◆ Exercise directions
Work through the listing below and give again exactly the lines from the one with "Fig. 2. Bacchus" to the one with "From The Liberty", both ends included. All other lines and all pictures stay out.

◆ Record excerpts
╭──
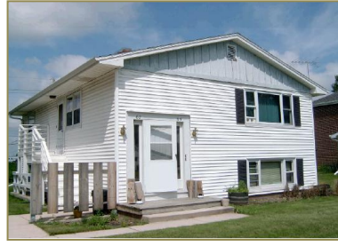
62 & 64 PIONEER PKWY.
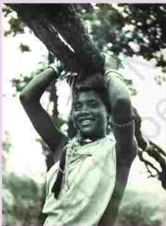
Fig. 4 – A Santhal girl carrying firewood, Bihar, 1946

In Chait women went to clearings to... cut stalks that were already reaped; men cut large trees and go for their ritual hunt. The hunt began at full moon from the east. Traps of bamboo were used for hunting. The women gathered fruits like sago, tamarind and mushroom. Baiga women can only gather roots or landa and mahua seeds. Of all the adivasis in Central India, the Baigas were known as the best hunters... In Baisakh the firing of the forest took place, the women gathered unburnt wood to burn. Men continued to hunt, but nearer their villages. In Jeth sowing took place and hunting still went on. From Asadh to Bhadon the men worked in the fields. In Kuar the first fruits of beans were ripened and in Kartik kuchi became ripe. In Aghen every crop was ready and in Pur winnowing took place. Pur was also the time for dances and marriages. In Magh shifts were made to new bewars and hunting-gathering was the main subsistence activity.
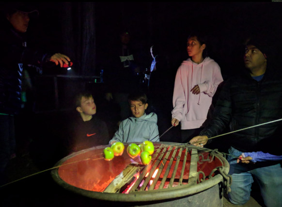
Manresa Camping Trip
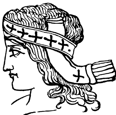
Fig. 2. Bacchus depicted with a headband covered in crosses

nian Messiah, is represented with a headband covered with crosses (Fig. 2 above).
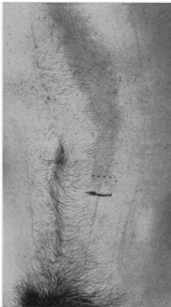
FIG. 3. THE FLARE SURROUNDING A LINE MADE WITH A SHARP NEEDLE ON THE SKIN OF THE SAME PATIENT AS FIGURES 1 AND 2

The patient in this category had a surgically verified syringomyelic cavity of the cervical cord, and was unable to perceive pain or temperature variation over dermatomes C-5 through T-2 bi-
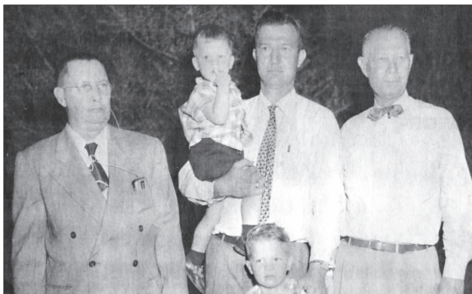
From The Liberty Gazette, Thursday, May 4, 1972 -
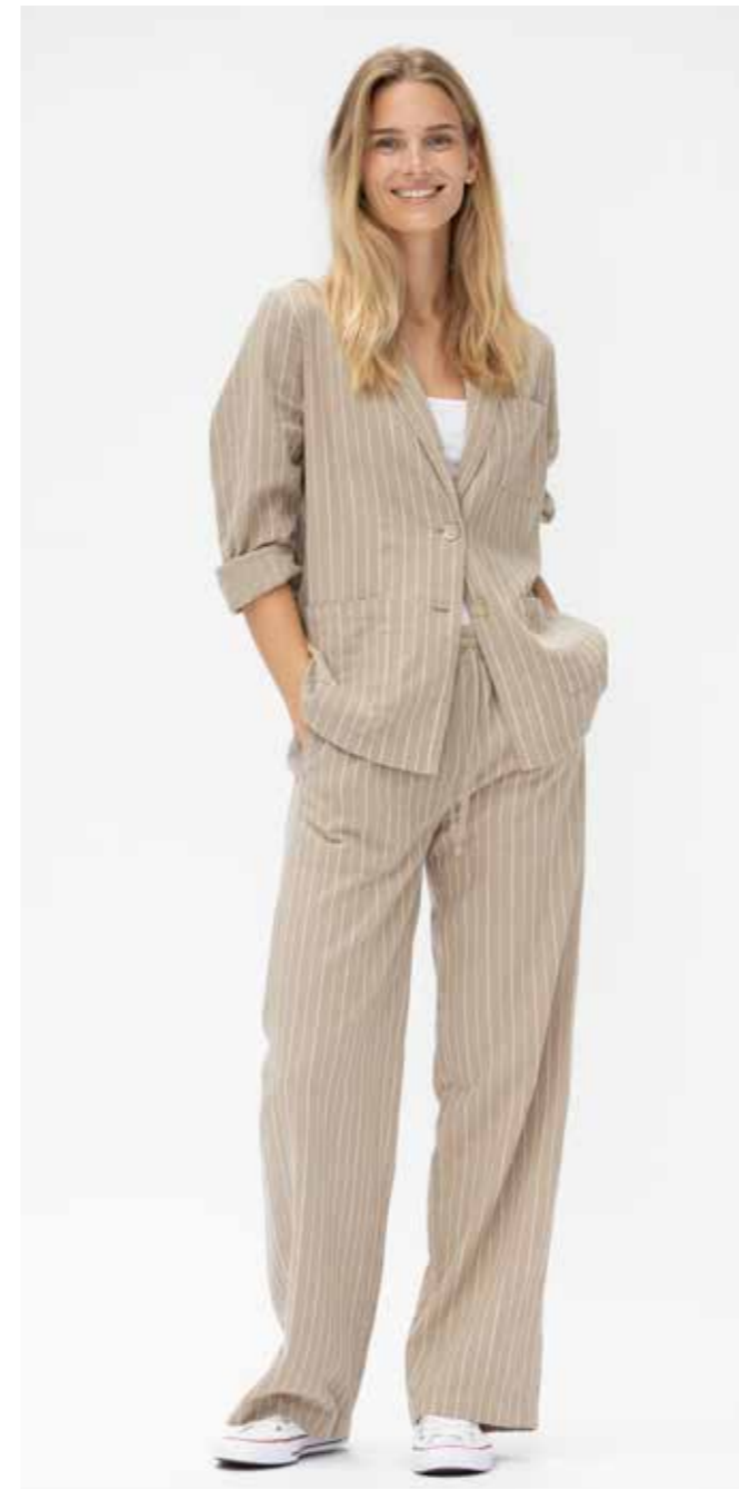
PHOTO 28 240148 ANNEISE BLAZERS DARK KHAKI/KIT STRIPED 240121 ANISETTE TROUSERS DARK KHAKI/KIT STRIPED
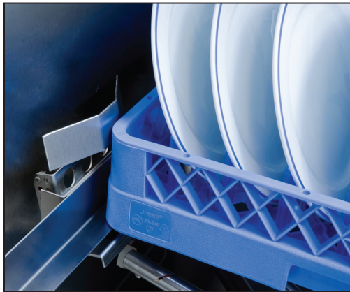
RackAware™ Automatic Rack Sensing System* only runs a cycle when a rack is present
╰──
╭──
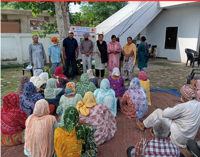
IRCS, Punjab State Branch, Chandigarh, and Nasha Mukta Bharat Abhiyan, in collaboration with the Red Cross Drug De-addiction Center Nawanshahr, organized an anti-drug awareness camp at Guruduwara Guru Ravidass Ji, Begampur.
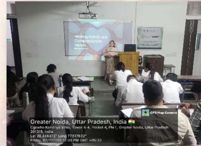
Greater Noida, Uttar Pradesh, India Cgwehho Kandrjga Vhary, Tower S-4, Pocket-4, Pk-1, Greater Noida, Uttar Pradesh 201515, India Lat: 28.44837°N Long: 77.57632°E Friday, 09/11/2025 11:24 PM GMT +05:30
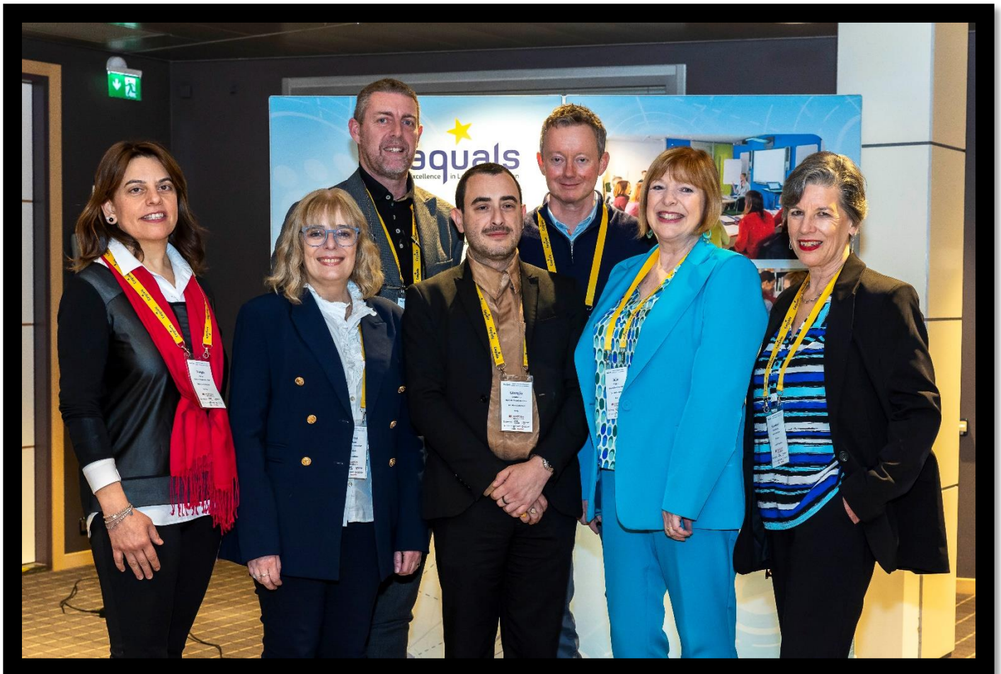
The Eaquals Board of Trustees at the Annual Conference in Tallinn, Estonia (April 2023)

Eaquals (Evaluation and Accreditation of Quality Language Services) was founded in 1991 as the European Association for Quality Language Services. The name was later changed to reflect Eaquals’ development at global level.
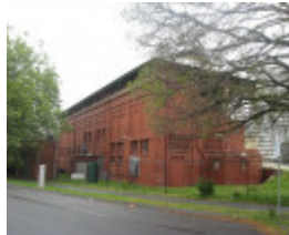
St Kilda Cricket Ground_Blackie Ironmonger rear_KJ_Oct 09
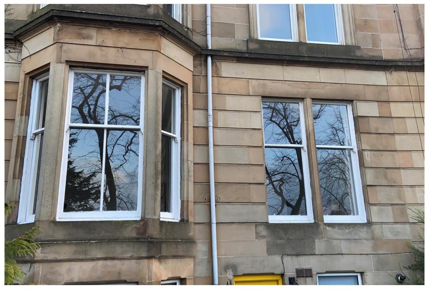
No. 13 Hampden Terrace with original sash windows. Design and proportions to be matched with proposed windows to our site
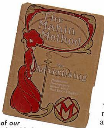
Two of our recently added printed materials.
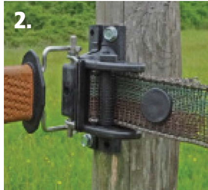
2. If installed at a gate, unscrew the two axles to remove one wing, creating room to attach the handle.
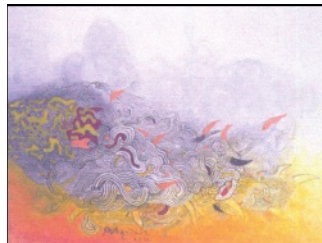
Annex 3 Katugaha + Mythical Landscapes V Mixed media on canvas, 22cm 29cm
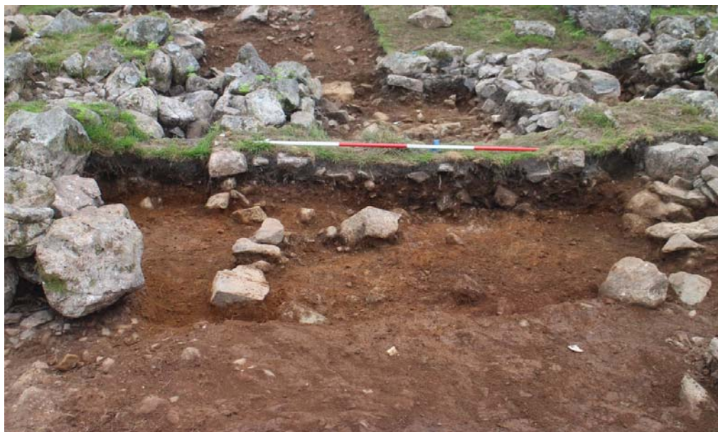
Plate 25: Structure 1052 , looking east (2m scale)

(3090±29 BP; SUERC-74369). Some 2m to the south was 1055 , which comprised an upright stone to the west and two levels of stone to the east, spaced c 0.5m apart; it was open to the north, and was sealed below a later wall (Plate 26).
╰──
╭──
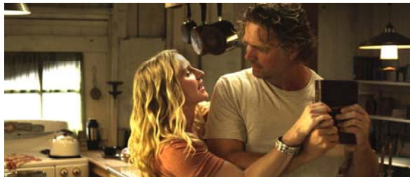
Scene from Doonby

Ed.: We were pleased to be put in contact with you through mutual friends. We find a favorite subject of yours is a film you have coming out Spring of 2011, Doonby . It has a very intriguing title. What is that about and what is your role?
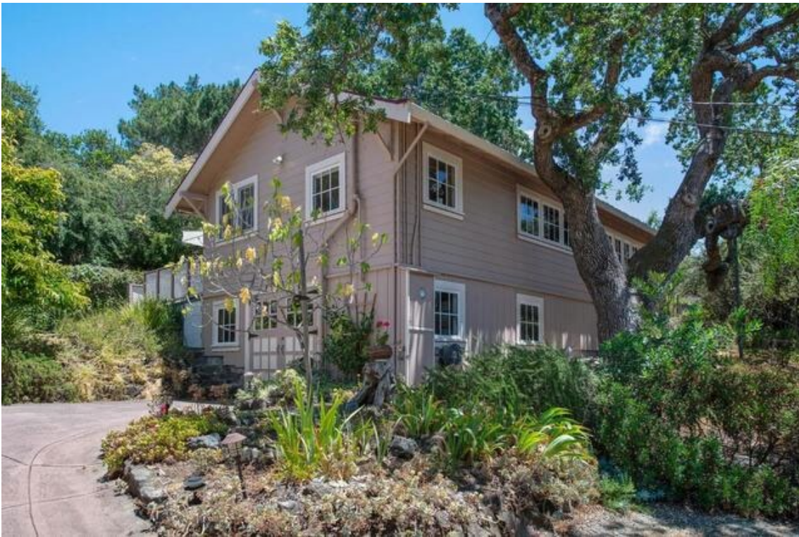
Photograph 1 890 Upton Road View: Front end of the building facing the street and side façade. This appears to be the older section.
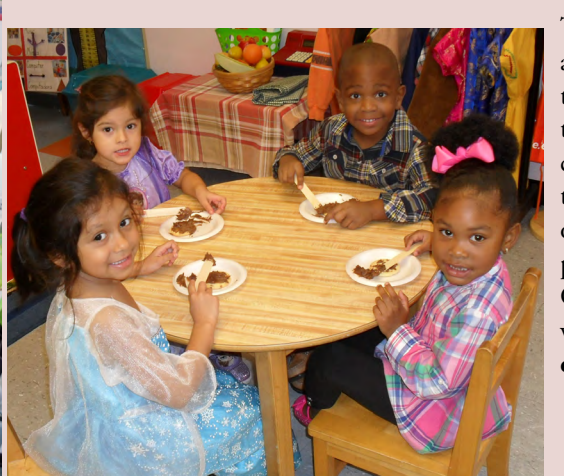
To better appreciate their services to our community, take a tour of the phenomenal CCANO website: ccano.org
╰──
◆ Solution below
Fig. 2. Bacchus depicted with a headband covered in crosses

nian Messiah, is represented with a headband covered with crosses (Fig. 2 above).
FIG. 3. THE FLARE SURROUNDING A LINE MADE WITH A SHARP NEEDLE ON THE SKIN OF THE SAME PATIENT AS FIGURES 1 AND 2

The patient in this category had a surgically verified syringomyelic cavity of the cervical cord, and was unable to perceive pain or temperature variation over dermatomes C-5 through T-2 bi-
From The Liberty Gazette, Thursday, May 4, 1972 -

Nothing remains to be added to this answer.